Dunford Images

Artist's Statement

Richard Dunford

My primary interest in photography is wild lands. My subjects are primarily the trees in their home forests. I search through the Northwestern Cascades’ soggy temperate rain forests or the dry eastern side of the Cascades seeking a compelling narrative unique to the challenges of place, time, and weather. They have a story and I want to tell it.  

 I have a history in these terrains. I am a child of wild lands and color. As my father was career US Forest Service, I was raised in the Appalachians, Rockies, Sierras and Cascades, our country’s finest remote lands. My mother grew up in Oklahoma on the edges of the dust bowl. She was an amateur painter who could find color in the oddest of places. My personal artistic journey began the day I saw the retrospective work “Ansel Adams: Images 1923-1974”. I was stunned by the power of his images. 

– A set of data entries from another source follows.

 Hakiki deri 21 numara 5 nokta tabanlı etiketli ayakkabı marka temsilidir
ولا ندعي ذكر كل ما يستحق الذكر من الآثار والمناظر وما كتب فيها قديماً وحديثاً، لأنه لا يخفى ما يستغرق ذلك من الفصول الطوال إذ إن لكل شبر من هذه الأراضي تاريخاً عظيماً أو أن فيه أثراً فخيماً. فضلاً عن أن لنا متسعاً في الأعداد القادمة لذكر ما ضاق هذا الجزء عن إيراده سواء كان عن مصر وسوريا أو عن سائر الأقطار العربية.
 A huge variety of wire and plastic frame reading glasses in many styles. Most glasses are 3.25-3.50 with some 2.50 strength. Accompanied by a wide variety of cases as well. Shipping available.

 An accomplished artist once suggested to me that a worthy goal of art is to take something ordinary and make it interesting. Trees and forest are ordinary to be sure and I endeavor to make something of them beyond the simple documented scene on the camera view finder. So, I wander the landscape hunting for an emotive image that will speak to me, beyond just a tree, more than just a forest. 

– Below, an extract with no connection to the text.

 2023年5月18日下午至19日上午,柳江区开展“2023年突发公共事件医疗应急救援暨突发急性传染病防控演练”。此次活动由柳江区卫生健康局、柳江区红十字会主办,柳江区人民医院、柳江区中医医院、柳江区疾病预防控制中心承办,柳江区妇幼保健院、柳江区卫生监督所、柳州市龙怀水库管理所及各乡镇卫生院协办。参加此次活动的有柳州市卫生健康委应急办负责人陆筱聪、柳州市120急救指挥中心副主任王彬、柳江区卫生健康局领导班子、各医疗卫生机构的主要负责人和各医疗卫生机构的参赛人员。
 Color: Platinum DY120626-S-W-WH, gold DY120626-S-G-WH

 The subjects I seek show subtle ranges of color, sometimes emphasized when there but not easily apparent. I use contrasting colors to lift images brilliance. I want strong design but mindful of the surrounding “lay of the land”. My end goal is a luminous print that seems to emit light back to the viewer all the while telling a story. When the viewer sees my image, I want them to see ordinary trees and ordinary forests in a different but not so ordinary way.